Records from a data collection

#####

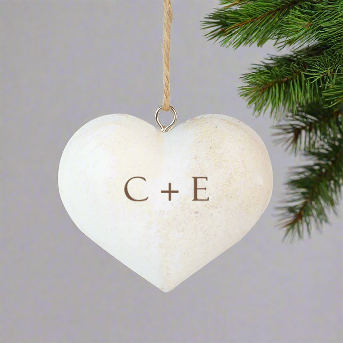 Beautifully crafted with expert detail, this 3D heart ornament is custom engraved with the couple’s initials.
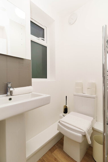 This 6 bedroom house over 3 floors is newly renovated to a high standard. We have taken great care to ensure all modern essentials are provided such as Smart TV'S, USB plugs and unlimited Wifi. The Lounge has a relaxing Sofa and Smart TV. The kitchen comes with the finest integrated appliances - microwave, fridge, oven, washing machine and dryer. The kitchen has basic cleaning items provided. There are 2 Bathrooms in the house, one of them attached to bedroom 2 and an addtional WC downstairs.
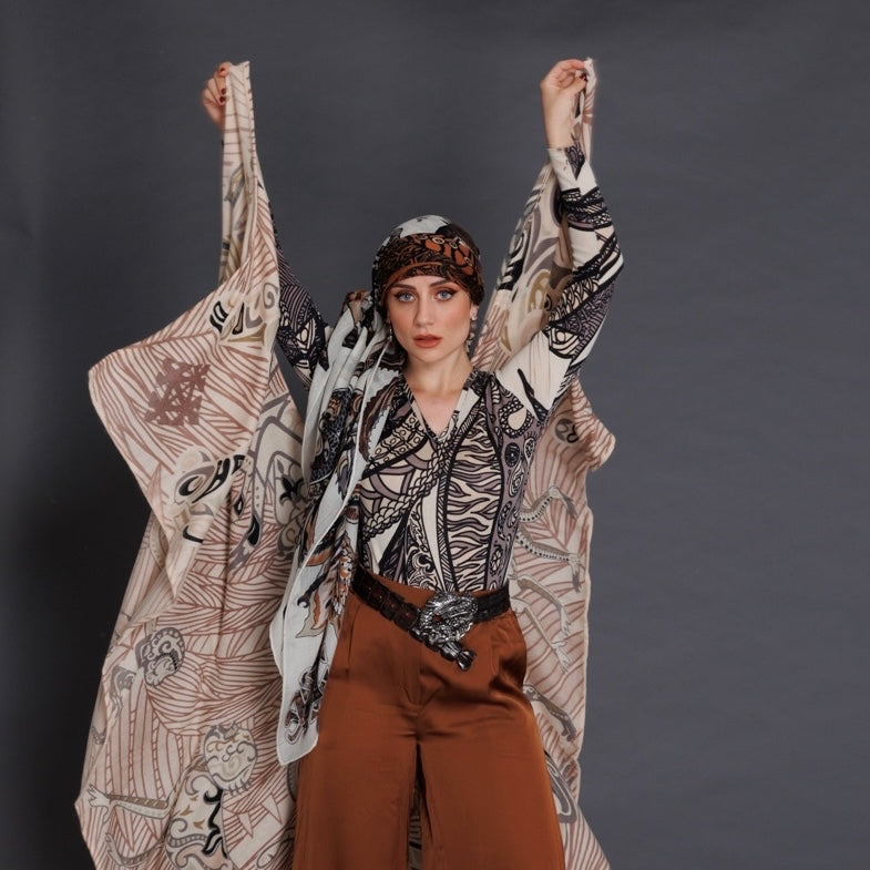 This double-sided particularly exclusive cloth is 150x150 in size and consists of two different sides in different materials and colors so that you can wear and combine it differently.
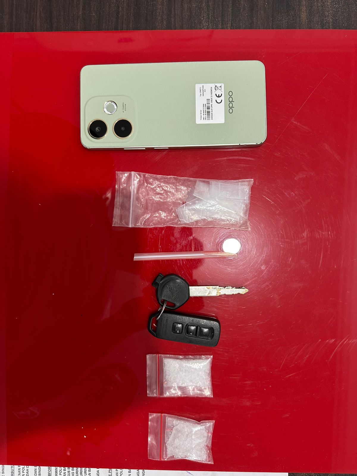 Selain itu, turut diamankan satu pack plastik klip kosong, satu sendok yang terbuat dari pipet plastik, satu unit telepon genggam Android merek OPPO warna hijau muda, serta satu unit sepeda motor Honda Scoopy tanpa nomor polisi.
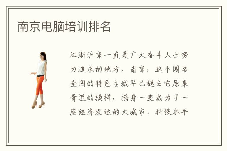 江浙滬京一直是廣大奮斗人士努力追求的地方,南京,這個聞名全國的特色古城早已褪去它原來青澀的模樣,搖身一變成為了一座經(jīng)濟(jì)發(fā)達(dá)的大城市??萍妓讲粩喟l(fā)展,南京電腦培訓(xùn)學(xué)校也越來越多,為區(qū)分市場上魚龍混雜的培訓(xùn)機(jī)構(gòu),網(wǎng)友專業(yè)綜合各電腦培訓(xùn)學(xué)校情況對南京電腦培訓(xùn)進(jìn)行排名評定,南京地區(qū)專業(yè)的電腦培訓(xùn)機(jī)構(gòu)有哪些?南京計算機(jī)電腦培訓(xùn)收費情況是什么?

#####

■ **Work to complete**:
Restate word for word the lines that begin at the one containing "Selain itu, turut" and end with the final line of the records. Pictures stay out.

■ **Result for this task**:
 Selain itu, turut diamankan satu pack plastik klip kosong, satu sendok yang terbuat dari pipet plastik, satu unit telepon genggam Android merek OPPO warna hijau muda, serta satu unit sepeda motor Honda Scoopy tanpa nomor polisi.
 江浙滬京一直是廣大奮斗人士努力追求的地方,南京,這個聞名全國的特色古城早已褪去它原來青澀的模樣,搖身一變成為了一座經(jīng)濟(jì)發(fā)達(dá)的大城市??萍妓讲粩喟l(fā)展,南京電腦培訓(xùn)學(xué)校也越來越多,為區(qū)分市場上魚龍混雜的培訓(xùn)機(jī)構(gòu),網(wǎng)友專業(yè)綜合各電腦培訓(xùn)學(xué)校情況對南京電腦培訓(xùn)進(jìn)行排名評定,南京地區(qū)專業(yè)的電腦培訓(xùn)機(jī)構(gòu)有哪些?南京計算機(jī)電腦培訓(xùn)收費情況是什么?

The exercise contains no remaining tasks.